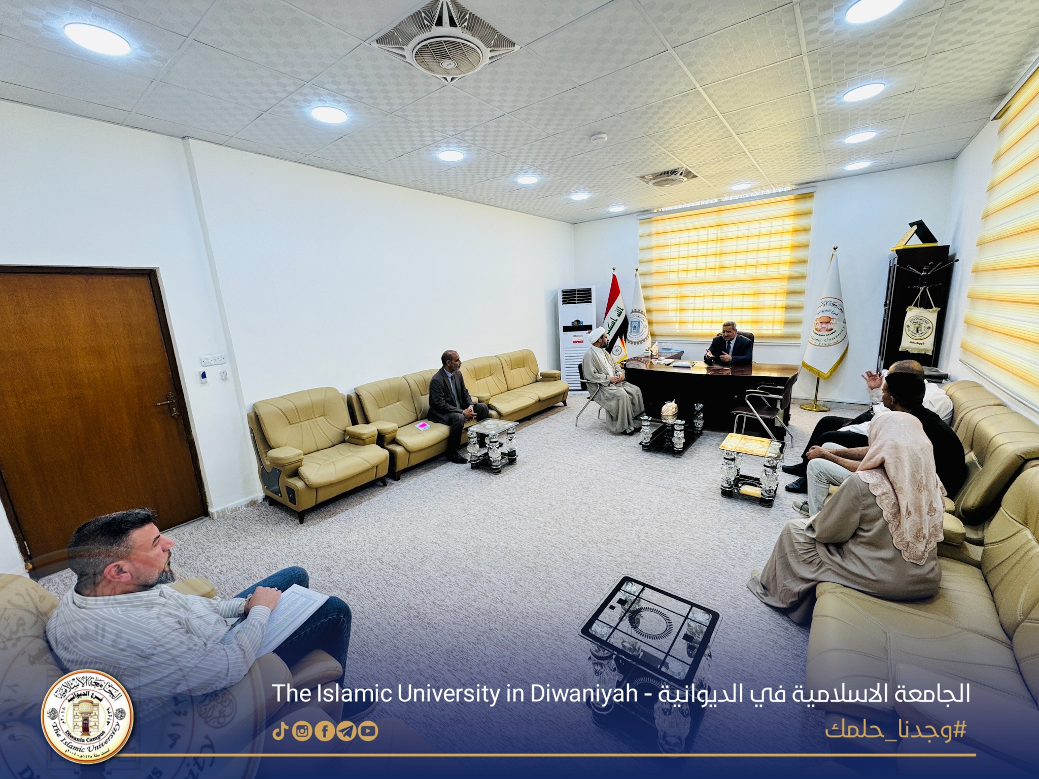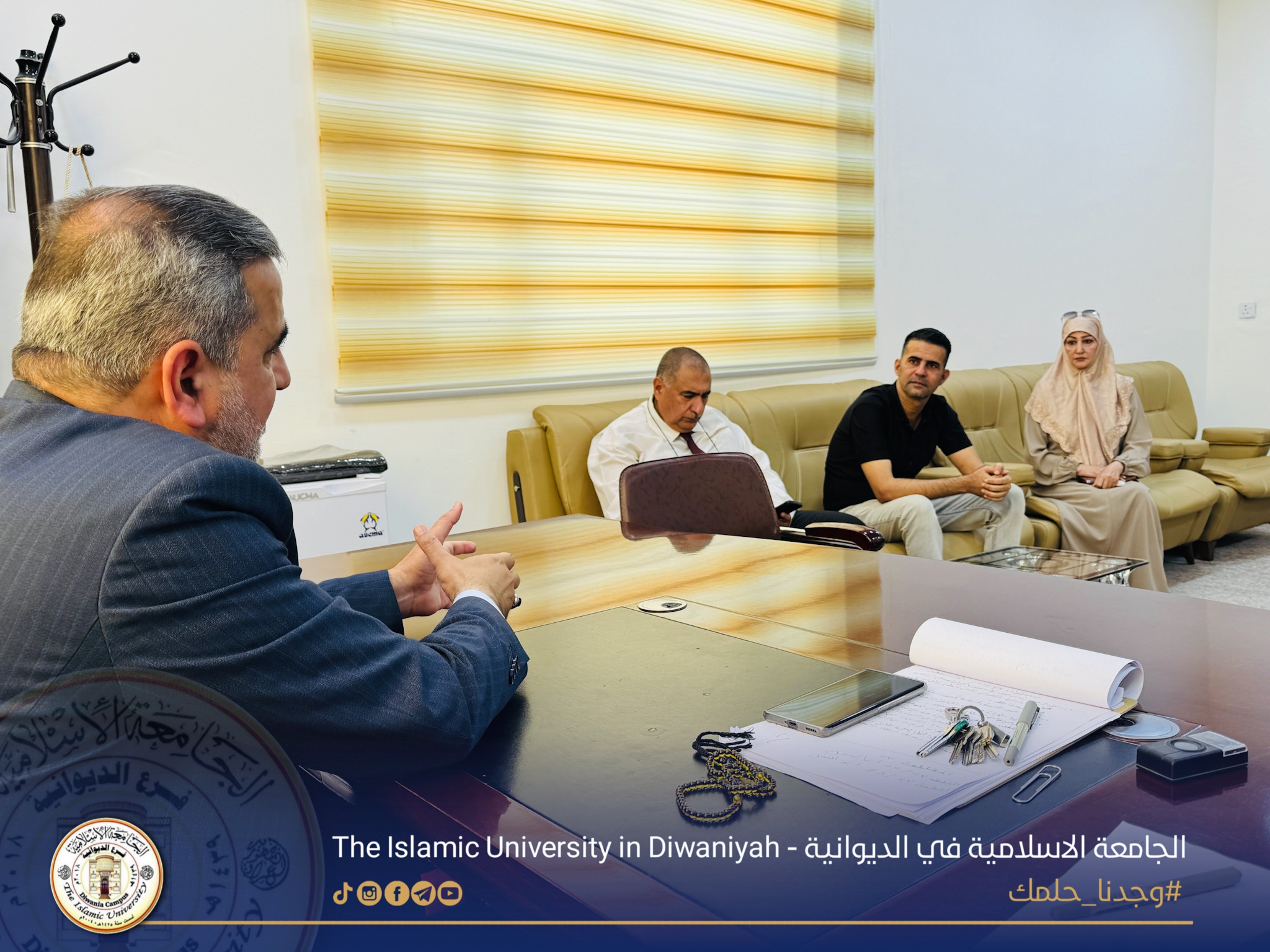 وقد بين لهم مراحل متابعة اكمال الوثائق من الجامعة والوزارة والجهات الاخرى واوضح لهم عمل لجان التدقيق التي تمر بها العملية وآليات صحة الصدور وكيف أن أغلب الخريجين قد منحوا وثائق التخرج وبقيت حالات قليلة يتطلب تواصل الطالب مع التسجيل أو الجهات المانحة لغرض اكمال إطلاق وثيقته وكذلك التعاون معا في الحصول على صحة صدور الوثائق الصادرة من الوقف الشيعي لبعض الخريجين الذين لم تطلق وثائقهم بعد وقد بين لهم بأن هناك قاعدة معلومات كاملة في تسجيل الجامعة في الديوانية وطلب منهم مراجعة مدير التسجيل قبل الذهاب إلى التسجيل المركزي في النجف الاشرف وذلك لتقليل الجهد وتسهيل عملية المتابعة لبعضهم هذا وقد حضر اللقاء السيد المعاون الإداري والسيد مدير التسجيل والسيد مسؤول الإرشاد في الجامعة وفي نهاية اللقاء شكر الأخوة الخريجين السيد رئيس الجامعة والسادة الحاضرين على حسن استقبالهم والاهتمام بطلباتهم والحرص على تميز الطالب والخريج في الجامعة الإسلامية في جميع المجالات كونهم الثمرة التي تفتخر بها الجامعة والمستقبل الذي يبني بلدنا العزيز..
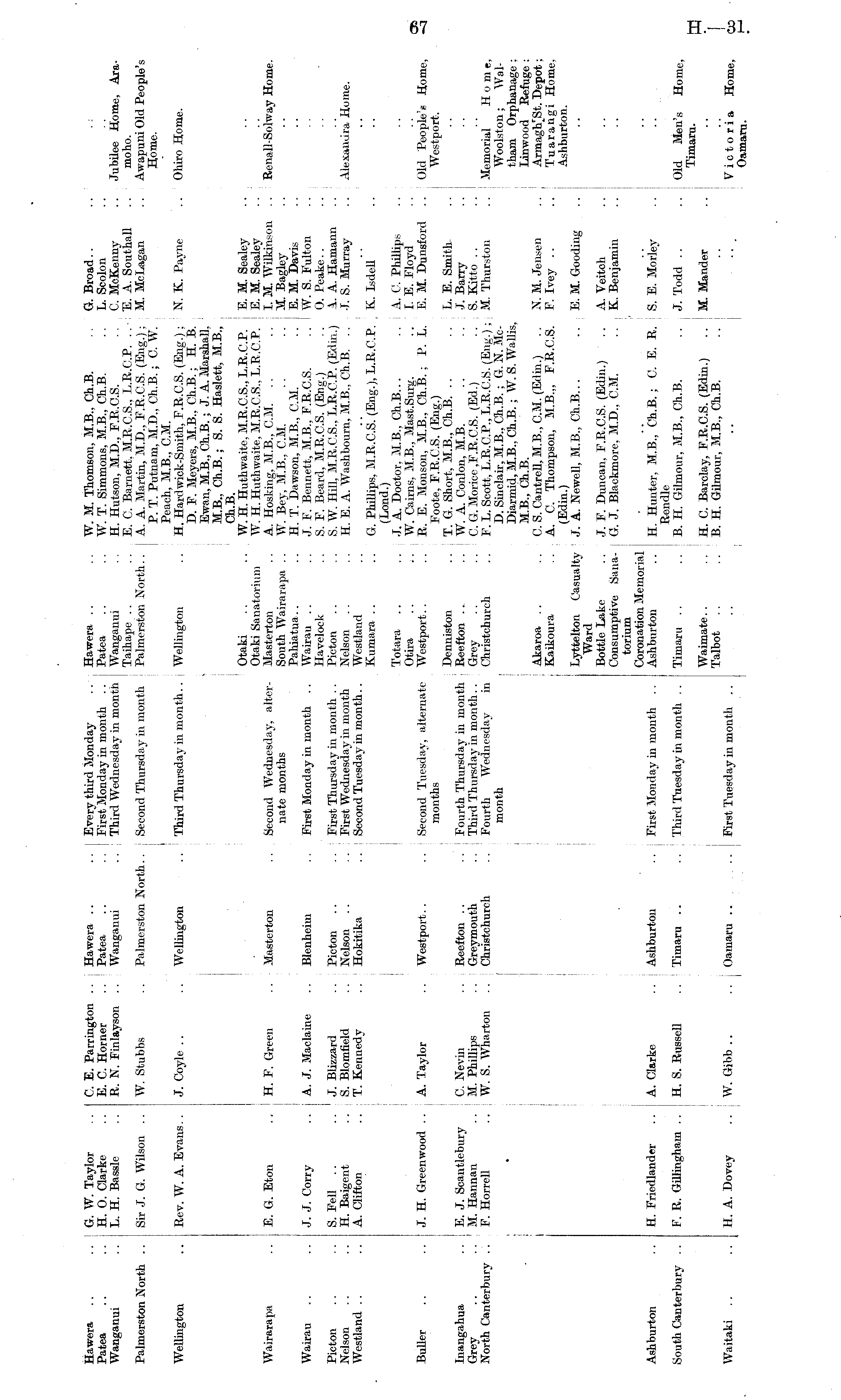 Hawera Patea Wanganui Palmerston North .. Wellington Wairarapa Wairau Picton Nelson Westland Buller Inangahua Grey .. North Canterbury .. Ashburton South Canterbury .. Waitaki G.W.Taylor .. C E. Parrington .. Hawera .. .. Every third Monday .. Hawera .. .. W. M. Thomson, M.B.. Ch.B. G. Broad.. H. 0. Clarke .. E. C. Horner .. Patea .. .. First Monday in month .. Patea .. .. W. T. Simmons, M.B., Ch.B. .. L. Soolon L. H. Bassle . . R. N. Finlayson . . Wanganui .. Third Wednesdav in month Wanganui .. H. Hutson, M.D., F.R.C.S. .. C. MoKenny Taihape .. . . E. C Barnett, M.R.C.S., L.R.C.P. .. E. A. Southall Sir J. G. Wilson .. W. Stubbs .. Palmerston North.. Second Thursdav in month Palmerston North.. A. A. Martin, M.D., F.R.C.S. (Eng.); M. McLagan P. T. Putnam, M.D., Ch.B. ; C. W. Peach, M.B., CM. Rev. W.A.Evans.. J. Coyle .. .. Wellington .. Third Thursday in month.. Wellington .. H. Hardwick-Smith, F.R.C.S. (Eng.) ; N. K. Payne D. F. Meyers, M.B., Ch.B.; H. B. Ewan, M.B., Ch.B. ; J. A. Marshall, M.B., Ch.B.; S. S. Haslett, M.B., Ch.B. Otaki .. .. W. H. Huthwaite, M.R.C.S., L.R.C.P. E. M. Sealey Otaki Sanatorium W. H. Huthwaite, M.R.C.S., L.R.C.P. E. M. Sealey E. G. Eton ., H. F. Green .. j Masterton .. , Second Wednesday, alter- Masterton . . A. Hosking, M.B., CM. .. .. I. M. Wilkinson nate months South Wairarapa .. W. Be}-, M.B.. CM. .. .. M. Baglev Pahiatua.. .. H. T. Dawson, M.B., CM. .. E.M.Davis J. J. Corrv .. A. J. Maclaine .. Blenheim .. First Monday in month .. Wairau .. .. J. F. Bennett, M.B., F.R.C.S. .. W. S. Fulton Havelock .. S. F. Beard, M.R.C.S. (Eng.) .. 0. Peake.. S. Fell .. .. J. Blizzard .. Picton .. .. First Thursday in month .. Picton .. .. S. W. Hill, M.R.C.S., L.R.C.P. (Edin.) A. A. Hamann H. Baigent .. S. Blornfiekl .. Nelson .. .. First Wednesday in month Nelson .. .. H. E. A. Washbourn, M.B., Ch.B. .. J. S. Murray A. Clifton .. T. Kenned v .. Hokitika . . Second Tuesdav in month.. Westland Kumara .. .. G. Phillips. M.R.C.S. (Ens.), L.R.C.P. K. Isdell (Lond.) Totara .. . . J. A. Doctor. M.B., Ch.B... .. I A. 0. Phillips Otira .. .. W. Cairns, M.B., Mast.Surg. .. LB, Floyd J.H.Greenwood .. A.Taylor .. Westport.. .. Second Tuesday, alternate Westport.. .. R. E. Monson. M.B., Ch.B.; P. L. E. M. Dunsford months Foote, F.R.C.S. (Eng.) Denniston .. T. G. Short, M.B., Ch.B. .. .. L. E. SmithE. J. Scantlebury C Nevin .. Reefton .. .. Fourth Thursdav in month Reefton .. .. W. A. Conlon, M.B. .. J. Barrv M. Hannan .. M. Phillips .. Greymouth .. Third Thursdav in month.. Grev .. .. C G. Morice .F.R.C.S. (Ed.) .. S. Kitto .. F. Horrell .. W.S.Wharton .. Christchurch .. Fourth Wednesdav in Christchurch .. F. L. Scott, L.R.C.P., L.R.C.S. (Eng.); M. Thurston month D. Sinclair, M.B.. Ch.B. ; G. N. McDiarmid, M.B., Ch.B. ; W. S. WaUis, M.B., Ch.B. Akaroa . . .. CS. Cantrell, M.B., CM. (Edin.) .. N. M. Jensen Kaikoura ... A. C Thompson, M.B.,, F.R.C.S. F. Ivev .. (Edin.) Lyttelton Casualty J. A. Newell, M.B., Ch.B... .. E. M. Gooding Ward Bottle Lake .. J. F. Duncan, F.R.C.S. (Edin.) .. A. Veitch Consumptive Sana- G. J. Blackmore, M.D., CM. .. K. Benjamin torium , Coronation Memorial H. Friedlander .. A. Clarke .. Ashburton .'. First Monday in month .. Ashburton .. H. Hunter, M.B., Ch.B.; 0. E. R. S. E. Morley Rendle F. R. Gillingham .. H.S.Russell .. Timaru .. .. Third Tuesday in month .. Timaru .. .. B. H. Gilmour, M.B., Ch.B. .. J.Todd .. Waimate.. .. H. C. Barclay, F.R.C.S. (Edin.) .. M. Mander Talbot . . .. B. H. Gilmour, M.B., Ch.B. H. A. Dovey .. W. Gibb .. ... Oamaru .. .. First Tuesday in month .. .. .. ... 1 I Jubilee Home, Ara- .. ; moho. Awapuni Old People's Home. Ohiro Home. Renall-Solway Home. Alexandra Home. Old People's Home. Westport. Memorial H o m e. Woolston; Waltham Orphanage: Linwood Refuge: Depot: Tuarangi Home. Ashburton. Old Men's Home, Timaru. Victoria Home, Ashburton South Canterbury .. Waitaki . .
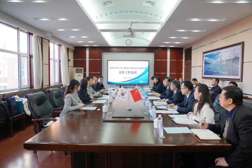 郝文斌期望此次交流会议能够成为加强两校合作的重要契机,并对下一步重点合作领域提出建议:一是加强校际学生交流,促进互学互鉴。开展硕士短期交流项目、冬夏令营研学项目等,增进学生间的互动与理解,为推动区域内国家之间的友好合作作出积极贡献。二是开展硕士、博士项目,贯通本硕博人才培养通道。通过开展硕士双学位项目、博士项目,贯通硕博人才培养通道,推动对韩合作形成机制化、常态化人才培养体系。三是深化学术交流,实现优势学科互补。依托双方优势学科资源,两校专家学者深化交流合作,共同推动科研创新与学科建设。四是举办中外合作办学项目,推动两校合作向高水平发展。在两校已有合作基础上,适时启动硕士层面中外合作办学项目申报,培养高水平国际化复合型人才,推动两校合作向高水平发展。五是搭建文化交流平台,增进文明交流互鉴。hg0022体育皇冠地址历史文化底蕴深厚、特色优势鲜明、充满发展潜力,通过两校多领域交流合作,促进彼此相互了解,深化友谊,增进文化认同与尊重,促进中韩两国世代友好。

......

EXERCISE DETAILS:
Skip every picture, and give the rest of the material above again exactly.

SOLUTION BELOW:
 وقد بين لهم مراحل متابعة اكمال الوثائق من الجامعة والوزارة والجهات الاخرى واوضح لهم عمل لجان التدقيق التي تمر بها العملية وآليات صحة الصدور وكيف أن أغلب الخريجين قد منحوا وثائق التخرج وبقيت حالات قليلة يتطلب تواصل الطالب مع التسجيل أو الجهات المانحة لغرض اكمال إطلاق وثيقته وكذلك التعاون معا في الحصول على صحة صدور الوثائق الصادرة من الوقف الشيعي لبعض الخريجين الذين لم تطلق وثائقهم بعد وقد بين لهم بأن هناك قاعدة معلومات كاملة في تسجيل الجامعة في الديوانية وطلب منهم مراجعة مدير التسجيل قبل الذهاب إلى التسجيل المركزي في النجف الاشرف وذلك لتقليل الجهد وتسهيل عملية المتابعة لبعضهم هذا وقد حضر اللقاء السيد المعاون الإداري والسيد مدير التسجيل والسيد مسؤول الإرشاد في الجامعة وفي نهاية اللقاء شكر الأخوة الخريجين السيد رئيس الجامعة والسادة الحاضرين على حسن استقبالهم والاهتمام بطلباتهم والحرص على تميز الطالب والخريج في الجامعة الإسلامية في جميع المجالات كونهم الثمرة التي تفتخر بها الجامعة والمستقبل الذي يبني بلدنا العزيز..
 Hawera Patea Wanganui Palmerston North .. Wellington Wairarapa Wairau Picton Nelson Westland Buller Inangahua Grey .. North Canterbury .. Ashburton South Canterbury .. Waitaki G.W.Taylor .. C E. Parrington .. Hawera .. .. Every third Monday .. Hawera .. .. W. M. Thomson, M.B.. Ch.B. G. Broad.. H. 0. Clarke .. E. C. Horner .. Patea .. .. First Monday in month .. Patea .. .. W. T. Simmons, M.B., Ch.B. .. L. Soolon L. H. Bassle . . R. N. Finlayson . . Wanganui .. Third Wednesdav in month Wanganui .. H. Hutson, M.D., F.R.C.S. .. C. MoKenny Taihape .. . . E. C Barnett, M.R.C.S., L.R.C.P. .. E. A. Southall Sir J. G. Wilson .. W. Stubbs .. Palmerston North.. Second Thursdav in month Palmerston North.. A. A. Martin, M.D., F.R.C.S. (Eng.); M. McLagan P. T. Putnam, M.D., Ch.B. ; C. W. Peach, M.B., CM. Rev. W.A.Evans.. J. Coyle .. .. Wellington .. Third Thursday in month.. Wellington .. H. Hardwick-Smith, F.R.C.S. (Eng.) ; N. K. Payne D. F. Meyers, M.B., Ch.B.; H. B. Ewan, M.B., Ch.B. ; J. A. Marshall, M.B., Ch.B.; S. S. Haslett, M.B., Ch.B. Otaki .. .. W. H. Huthwaite, M.R.C.S., L.R.C.P. E. M. Sealey Otaki Sanatorium W. H. Huthwaite, M.R.C.S., L.R.C.P. E. M. Sealey E. G. Eton ., H. F. Green .. j Masterton .. , Second Wednesday, alter- Masterton . . A. Hosking, M.B., CM. .. .. I. M. Wilkinson nate months South Wairarapa .. W. Be}-, M.B.. CM. .. .. M. Baglev Pahiatua.. .. H. T. Dawson, M.B., CM. .. E.M.Davis J. J. Corrv .. A. J. Maclaine .. Blenheim .. First Monday in month .. Wairau .. .. J. F. Bennett, M.B., F.R.C.S. .. W. S. Fulton Havelock .. S. F. Beard, M.R.C.S. (Eng.) .. 0. Peake.. S. Fell .. .. J. Blizzard .. Picton .. .. First Thursday in month .. Picton .. .. S. W. Hill, M.R.C.S., L.R.C.P. (Edin.) A. A. Hamann H. Baigent .. S. Blornfiekl .. Nelson .. .. First Wednesday in month Nelson .. .. H. E. A. Washbourn, M.B., Ch.B. .. J. S. Murray A. Clifton .. T. Kenned v .. Hokitika . . Second Tuesdav in month.. Westland Kumara .. .. G. Phillips. M.R.C.S. (Ens.), L.R.C.P. K. Isdell (Lond.) Totara .. . . J. A. Doctor. M.B., Ch.B... .. I A. 0. Phillips Otira .. .. W. Cairns, M.B., Mast.Surg. .. LB, Floyd J.H.Greenwood .. A.Taylor .. Westport.. .. Second Tuesday, alternate Westport.. .. R. E. Monson. M.B., Ch.B.; P. L. E. M. Dunsford months Foote, F.R.C.S. (Eng.) Denniston .. T. G. Short, M.B., Ch.B. .. .. L. E. SmithE. J. Scantlebury C Nevin .. Reefton .. .. Fourth Thursdav in month Reefton .. .. W. A. Conlon, M.B. .. J. Barrv M. Hannan .. M. Phillips .. Greymouth .. Third Thursdav in month.. Grev .. .. C G. Morice .F.R.C.S. (Ed.) .. S. Kitto .. F. Horrell .. W.S.Wharton .. Christchurch .. Fourth Wednesdav in Christchurch .. F. L. Scott, L.R.C.P., L.R.C.S. (Eng.); M. Thurston month D. Sinclair, M.B.. Ch.B. ; G. N. McDiarmid, M.B., Ch.B. ; W. S. WaUis, M.B., Ch.B. Akaroa . . .. CS. Cantrell, M.B., CM. (Edin.) .. N. M. Jensen Kaikoura ... A. C Thompson, M.B.,, F.R.C.S. F. Ivev .. (Edin.) Lyttelton Casualty J. A. Newell, M.B., Ch.B... .. E. M. Gooding Ward Bottle Lake .. J. F. Duncan, F.R.C.S. (Edin.) .. A. Veitch Consumptive Sana- G. J. Blackmore, M.D., CM. .. K. Benjamin torium , Coronation Memorial H. Friedlander .. A. Clarke .. Ashburton .'. First Monday in month .. Ashburton .. H. Hunter, M.B., Ch.B.; 0. E. R. S. E. Morley Rendle F. R. Gillingham .. H.S.Russell .. Timaru .. .. Third Tuesday in month .. Timaru .. .. B. H. Gilmour, M.B., Ch.B. .. J.Todd .. Waimate.. .. H. C. Barclay, F.R.C.S. (Edin.) .. M. Mander Talbot . . .. B. H. Gilmour, M.B., Ch.B. H. A. Dovey .. W. Gibb .. ... Oamaru .. .. First Tuesday in month .. .. .. ... 1 I Jubilee Home, Ara- .. ; moho. Awapuni Old People's Home. Ohiro Home. Renall-Solway Home. Alexandra Home. Old People's Home. Westport. Memorial H o m e. Woolston; Waltham Orphanage: Linwood Refuge: Depot: Tuarangi Home. Ashburton. Old Men's Home, Timaru. Victoria Home, Ashburton South Canterbury .. Waitaki . .
 郝文斌期望此次交流会议能够成为加强两校合作的重要契机,并对下一步重点合作领域提出建议:一是加强校际学生交流,促进互学互鉴。开展硕士短期交流项目、冬夏令营研学项目等,增进学生间的互动与理解,为推动区域内国家之间的友好合作作出积极贡献。二是开展硕士、博士项目,贯通本硕博人才培养通道。通过开展硕士双学位项目、博士项目,贯通硕博人才培养通道,推动对韩合作形成机制化、常态化人才培养体系。三是深化学术交流,实现优势学科互补。依托双方优势学科资源,两校专家学者深化交流合作,共同推动科研创新与学科建设。四是举办中外合作办学项目,推动两校合作向高水平发展。在两校已有合作基础上,适时启动硕士层面中外合作办学项目申报,培养高水平国际化复合型人才,推动两校合作向高水平发展。五是搭建文化交流平台,增进文明交流互鉴。hg0022体育皇冠地址历史文化底蕴深厚、特色优势鲜明、充满发展潜力,通过两校多领域交流合作,促进彼此相互了解,深化友谊,增进文化认同与尊重,促进中韩两国世代友好。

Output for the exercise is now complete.